Crowdfunding is essential to growing business, communities
What would happen if we could invest in businesses in our own communities? What would happen if that entrepreneur you know could raise the capital needed to start a business from friends and neighbors and investors who are intimately familiar with the project?
Michigan citizens will soon have a chance to find out, if a bill introduced by Rep. Nancy Jenkins from Lenawee County gets the support it deserves.
It’s called crowdfunding and with the introduction of this bill, Michigan is poised to jump to the front of the crowdfunding line.
You may not know that if you are not part of the top 3 percent of the country’s income earners you can’t invest in Wall Street — let alone Main Street — as an “accredited” investor. The federal government made that decision years ago. There is some good news on that front.
U.S. Congress passed a bill in April 2012 known as the JOBS Act. Not really directly about jobs, the Act’s purpose is to allow “non-accredited” investors (the 97 percent of us who don’t earn at least $200,000 a year or have a net worth of $1 million or more) the opportunity to invest their money and get some of the same protections that wealthy investors receive.

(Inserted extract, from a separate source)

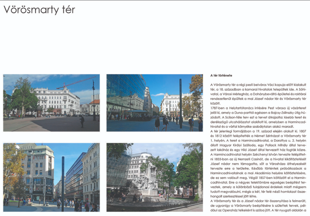 A könyv 54 budapesti teret dolgoz fel a városépítész szemével tárja őket az olvasó elé. Rengeteg fotó, történeti térkép, elemző rajz és tervrajz segítségével mutatja be, milyenek is tereink – térszöveteink mai állapotukban. Lehet használni tankönyvként, mintakönyvként, de lehet hasznos olvasmánya a városépítészet iránt érdeklődőknek is.

Unfortunately, the JOBS Act is still not functioning, as the Securities and Exchange Commission is still working out the complexities. We are not sure when it will become the law of the land or what it will look like.
However, creative folks who were energized by the possibilities of the JOBS Act have found another way to get to crowdfunding, and that’s by using a little known and virtually unused exemption in SEC rules that allows intrastate — within Michigan for us — investment. And that brings us to HB 4996, the bill that Rep. Jenkins and 11 colleagues — Republicans and Democrats — introduced Sep. 18 and which passed the House Nov. 5with a 108-0 vote.
HB 4996 will allow non-accredited Michigan investors to invest up to $10,000 in a single crowdfunding investment, and a Michigan entrepreneur, business or investment to raise up to $1 million from those same non-accredited investors. Existing Michigan businesses that have audited financials can raise up to $2 million from non-accredited Michigan investors under the bill.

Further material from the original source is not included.